Some lines hold the string "Black". Copy all of them from the material that follows.
************
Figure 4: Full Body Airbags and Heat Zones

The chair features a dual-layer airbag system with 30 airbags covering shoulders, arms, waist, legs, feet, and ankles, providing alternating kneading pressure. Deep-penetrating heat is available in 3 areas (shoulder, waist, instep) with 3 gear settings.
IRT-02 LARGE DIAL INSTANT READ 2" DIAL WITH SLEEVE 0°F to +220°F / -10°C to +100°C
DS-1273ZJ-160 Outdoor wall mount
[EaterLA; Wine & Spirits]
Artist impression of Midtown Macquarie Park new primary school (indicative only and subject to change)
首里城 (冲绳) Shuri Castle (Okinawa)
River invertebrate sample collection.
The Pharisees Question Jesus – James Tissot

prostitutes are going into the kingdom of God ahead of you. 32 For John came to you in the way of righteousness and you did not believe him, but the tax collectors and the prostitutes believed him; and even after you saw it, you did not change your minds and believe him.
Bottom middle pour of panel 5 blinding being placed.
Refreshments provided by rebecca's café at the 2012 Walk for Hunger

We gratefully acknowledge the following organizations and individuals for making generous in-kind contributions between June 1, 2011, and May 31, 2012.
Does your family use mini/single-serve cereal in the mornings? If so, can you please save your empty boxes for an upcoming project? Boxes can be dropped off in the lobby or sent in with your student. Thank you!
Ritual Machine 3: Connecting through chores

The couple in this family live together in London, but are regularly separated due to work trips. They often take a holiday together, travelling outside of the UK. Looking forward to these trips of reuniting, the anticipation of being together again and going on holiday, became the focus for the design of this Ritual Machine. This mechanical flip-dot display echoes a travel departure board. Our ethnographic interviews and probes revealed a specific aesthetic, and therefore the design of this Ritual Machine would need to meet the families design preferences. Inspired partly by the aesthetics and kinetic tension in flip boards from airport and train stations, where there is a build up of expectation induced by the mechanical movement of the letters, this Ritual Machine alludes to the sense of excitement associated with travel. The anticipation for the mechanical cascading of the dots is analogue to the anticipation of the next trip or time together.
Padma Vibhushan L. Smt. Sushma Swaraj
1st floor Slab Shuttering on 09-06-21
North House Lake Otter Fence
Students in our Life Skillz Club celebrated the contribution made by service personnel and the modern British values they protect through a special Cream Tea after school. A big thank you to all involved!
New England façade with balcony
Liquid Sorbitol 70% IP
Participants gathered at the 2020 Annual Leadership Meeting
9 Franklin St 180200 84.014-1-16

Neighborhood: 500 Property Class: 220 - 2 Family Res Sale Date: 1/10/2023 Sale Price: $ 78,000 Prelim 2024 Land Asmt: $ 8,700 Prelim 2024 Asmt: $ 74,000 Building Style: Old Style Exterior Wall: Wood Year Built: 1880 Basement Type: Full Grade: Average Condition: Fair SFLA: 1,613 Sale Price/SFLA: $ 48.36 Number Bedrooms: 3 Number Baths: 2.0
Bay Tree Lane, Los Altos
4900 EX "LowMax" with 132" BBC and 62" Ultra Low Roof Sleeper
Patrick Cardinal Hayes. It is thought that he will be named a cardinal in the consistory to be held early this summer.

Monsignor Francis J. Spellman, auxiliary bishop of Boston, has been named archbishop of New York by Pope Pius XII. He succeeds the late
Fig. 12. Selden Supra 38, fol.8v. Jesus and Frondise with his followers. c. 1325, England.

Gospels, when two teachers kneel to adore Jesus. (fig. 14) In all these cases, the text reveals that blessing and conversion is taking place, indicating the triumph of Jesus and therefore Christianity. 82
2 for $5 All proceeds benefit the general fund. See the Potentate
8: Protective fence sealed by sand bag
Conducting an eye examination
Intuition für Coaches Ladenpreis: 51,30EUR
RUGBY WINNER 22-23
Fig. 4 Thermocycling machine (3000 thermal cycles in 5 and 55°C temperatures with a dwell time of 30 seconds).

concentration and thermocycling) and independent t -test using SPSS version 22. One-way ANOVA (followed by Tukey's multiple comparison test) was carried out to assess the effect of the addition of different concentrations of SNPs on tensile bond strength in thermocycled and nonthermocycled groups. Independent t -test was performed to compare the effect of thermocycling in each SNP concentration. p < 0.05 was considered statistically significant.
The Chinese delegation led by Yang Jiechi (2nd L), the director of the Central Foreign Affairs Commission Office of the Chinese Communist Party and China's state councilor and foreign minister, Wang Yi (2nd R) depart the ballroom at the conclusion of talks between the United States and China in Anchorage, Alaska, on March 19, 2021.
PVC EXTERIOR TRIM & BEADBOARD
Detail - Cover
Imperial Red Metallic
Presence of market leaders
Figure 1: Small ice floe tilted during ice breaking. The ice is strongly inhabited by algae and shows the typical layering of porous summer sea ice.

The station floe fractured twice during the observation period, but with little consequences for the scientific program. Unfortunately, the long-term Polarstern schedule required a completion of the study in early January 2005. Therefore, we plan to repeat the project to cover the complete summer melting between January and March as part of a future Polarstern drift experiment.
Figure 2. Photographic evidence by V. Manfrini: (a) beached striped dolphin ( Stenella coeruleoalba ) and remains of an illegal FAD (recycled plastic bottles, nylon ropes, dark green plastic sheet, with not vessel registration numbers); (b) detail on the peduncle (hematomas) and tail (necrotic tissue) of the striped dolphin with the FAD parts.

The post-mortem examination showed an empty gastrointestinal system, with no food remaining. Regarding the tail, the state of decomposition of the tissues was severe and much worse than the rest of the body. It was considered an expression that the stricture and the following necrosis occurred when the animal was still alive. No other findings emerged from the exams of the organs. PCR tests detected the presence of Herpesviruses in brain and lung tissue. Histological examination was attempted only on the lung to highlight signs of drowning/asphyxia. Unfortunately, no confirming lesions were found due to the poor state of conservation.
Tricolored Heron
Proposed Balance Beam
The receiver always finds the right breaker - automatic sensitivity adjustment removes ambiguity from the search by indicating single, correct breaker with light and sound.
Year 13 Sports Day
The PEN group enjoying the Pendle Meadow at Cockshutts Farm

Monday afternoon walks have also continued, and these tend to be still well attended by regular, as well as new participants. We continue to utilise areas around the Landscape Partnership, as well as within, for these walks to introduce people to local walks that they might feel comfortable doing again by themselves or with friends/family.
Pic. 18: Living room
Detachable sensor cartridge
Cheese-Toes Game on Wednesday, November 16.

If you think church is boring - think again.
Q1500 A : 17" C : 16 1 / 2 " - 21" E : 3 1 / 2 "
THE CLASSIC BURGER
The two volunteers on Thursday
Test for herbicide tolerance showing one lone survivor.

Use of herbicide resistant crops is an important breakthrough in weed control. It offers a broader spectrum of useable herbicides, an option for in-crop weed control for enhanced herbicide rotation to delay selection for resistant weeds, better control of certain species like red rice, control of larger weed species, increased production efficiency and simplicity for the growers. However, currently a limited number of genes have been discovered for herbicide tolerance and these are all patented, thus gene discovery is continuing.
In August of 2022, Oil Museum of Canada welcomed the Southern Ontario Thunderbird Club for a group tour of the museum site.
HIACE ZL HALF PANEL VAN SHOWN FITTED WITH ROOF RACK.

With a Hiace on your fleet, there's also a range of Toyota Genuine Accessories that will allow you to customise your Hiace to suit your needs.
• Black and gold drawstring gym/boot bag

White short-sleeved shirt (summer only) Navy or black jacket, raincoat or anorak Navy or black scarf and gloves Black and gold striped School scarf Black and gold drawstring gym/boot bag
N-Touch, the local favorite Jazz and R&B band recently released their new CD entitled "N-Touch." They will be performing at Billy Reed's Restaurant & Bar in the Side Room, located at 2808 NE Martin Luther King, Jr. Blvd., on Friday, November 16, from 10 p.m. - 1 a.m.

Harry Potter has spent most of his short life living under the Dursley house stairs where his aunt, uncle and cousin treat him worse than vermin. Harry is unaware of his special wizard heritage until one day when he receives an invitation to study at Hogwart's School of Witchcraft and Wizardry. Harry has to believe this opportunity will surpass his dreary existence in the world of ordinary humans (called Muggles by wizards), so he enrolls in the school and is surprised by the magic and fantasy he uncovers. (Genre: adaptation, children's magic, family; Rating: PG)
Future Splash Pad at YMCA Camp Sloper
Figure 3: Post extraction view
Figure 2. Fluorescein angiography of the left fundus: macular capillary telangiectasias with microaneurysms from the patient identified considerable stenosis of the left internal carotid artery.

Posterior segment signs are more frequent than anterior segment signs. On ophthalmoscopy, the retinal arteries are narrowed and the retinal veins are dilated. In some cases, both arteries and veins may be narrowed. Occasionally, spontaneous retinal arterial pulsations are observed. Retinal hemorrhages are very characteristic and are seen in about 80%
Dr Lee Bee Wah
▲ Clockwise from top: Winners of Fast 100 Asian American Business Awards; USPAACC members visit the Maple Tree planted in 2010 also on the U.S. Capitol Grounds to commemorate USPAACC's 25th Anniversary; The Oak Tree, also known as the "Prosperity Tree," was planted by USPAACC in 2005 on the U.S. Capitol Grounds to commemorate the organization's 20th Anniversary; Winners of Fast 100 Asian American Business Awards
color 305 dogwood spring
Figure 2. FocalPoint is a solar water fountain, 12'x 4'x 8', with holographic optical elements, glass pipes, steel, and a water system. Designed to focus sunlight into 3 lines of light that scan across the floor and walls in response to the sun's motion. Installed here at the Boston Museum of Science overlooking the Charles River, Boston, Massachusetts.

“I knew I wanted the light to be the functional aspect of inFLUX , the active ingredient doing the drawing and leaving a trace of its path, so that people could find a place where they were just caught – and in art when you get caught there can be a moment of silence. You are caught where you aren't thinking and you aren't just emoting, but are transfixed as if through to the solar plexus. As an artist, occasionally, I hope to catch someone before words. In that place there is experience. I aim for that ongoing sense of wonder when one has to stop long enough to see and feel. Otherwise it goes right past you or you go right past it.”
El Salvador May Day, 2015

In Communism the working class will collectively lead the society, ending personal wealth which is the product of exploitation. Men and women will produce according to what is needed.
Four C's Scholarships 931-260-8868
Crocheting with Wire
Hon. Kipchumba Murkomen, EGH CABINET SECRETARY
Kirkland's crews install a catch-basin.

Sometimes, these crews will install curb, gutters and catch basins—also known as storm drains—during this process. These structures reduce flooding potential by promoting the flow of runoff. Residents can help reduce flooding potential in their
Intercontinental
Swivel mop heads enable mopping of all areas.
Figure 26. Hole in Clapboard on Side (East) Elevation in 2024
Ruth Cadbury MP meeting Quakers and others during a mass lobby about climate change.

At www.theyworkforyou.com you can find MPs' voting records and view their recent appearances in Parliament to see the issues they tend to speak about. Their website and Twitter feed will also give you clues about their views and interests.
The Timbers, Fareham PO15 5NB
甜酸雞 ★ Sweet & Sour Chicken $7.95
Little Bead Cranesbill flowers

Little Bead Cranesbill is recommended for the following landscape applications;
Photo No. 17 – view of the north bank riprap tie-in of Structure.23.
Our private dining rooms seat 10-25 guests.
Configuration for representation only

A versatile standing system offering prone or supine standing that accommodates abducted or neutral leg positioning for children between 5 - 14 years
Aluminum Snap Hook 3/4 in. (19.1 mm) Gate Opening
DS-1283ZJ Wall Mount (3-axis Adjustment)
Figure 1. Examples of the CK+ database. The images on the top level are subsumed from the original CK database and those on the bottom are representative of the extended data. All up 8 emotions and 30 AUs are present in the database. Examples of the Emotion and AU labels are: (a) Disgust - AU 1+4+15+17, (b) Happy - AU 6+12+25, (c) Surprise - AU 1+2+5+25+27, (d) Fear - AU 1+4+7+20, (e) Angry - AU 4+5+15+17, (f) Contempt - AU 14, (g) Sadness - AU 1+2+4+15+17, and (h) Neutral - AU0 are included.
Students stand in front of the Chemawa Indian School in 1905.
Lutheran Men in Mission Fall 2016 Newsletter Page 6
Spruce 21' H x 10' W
************
[Your response]:
• Black and gold drawstring gym/boot bag
White short-sleeved shirt (summer only) Navy or black jacket, raincoat or anorak Navy or black scarf and gloves Black and gold striped School scarf Black and gold drawstring gym/boot bag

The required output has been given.